> [THE TASK]: Up to and including the line that contains "يتصدر مسلسل محارب", write out every line of the entries exactly, beginning with the first. Omit the pictures.

> [Source records]:

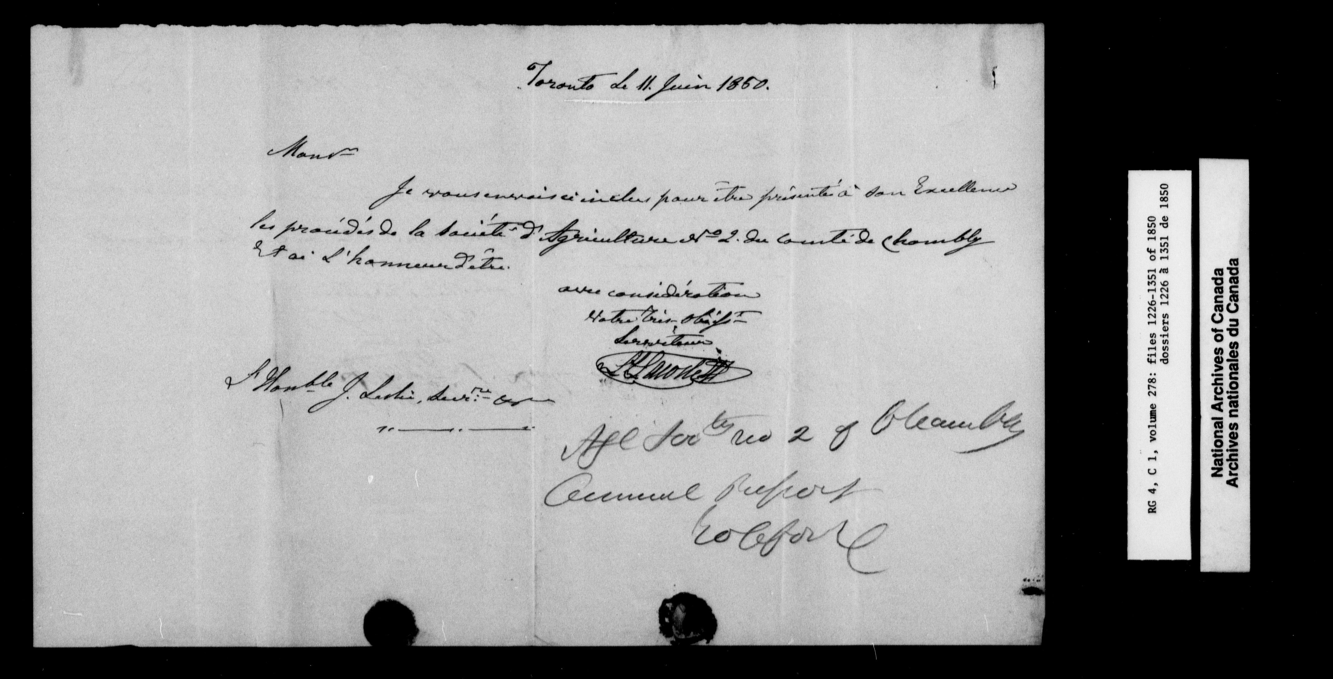 Canada East : Provincial Secretary numbered correspondence files, 1839-1867 - 2626
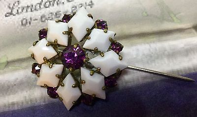 VINTAGE OLD SUFFREGETTE BROOCH CHARMING VIOLET CRYSTAL MILK GLASS WHITE DIAMOND
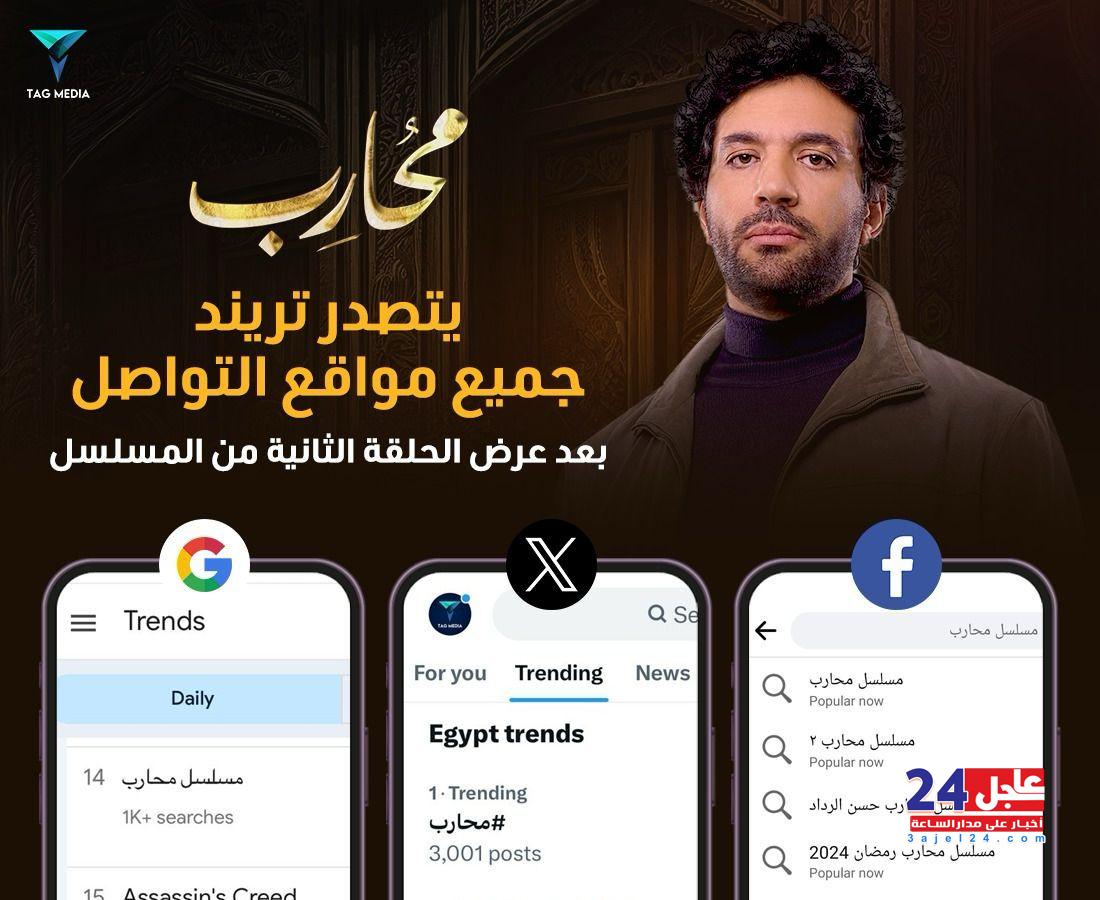 يتصدر مسلسل محارب التريند الاول علي جميع مواقع التواصل الاجتماعي وذلك عقب انتهاء الحلقة التانية من مسلسل محارب والتي شهدت تصاعد في الاحداث وبدايه الصراع بين محارب وعزازي الذي يجسده ماجد المصري ومحاميه حسام الجيوشي .
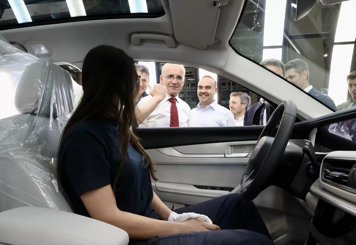 Bakan Şimşek de teknoloji kampüsü ziyaretinde ilgililerden bilgi alarak üretim bandından çıkan Togg otomobillerini inceledi.
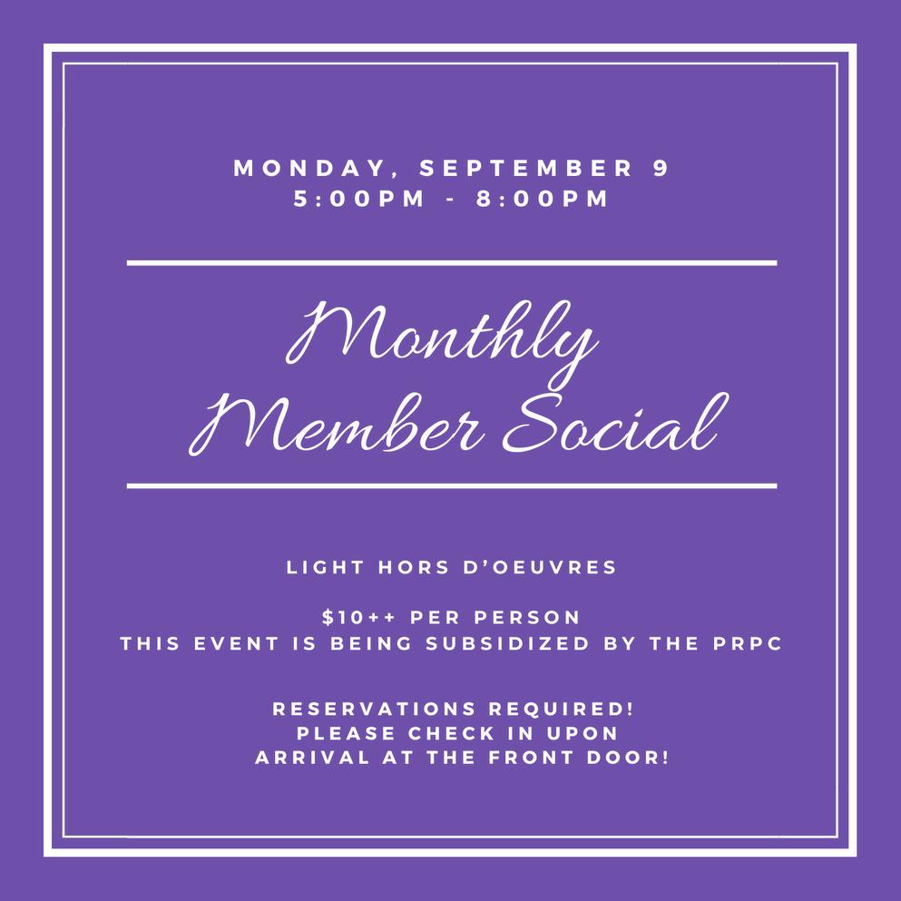 We will not have a “big event” planned for September due to the Heritage Invitational MemberGuest golf event; however, mark your calendar for Monday, September 9th for our Monthly Member Social. These monthly events continue to be very well attended and priced at $10 per person You can’t go wrong The Monthly Member Social was never designed to be a full meal It has always been meant to be appetizers and light bites We have occasionally been spoiled by the generous offerings, but please don’t expect that every month. This is a social event, not a themed meal event Happy hour bar pricing is in place

> [WRITTEN SOLUTION]:
 Canada East : Provincial Secretary numbered correspondence files, 1839-1867 - 2626
 VINTAGE OLD SUFFREGETTE BROOCH CHARMING VIOLET CRYSTAL MILK GLASS WHITE DIAMOND
 يتصدر مسلسل محارب التريند الاول علي جميع مواقع التواصل الاجتماعي وذلك عقب انتهاء الحلقة التانية من مسلسل محارب والتي شهدت تصاعد في الاحداث وبدايه الصراع بين محارب وعزازي الذي يجسده ماجد المصري ومحاميه حسام الجيوشي .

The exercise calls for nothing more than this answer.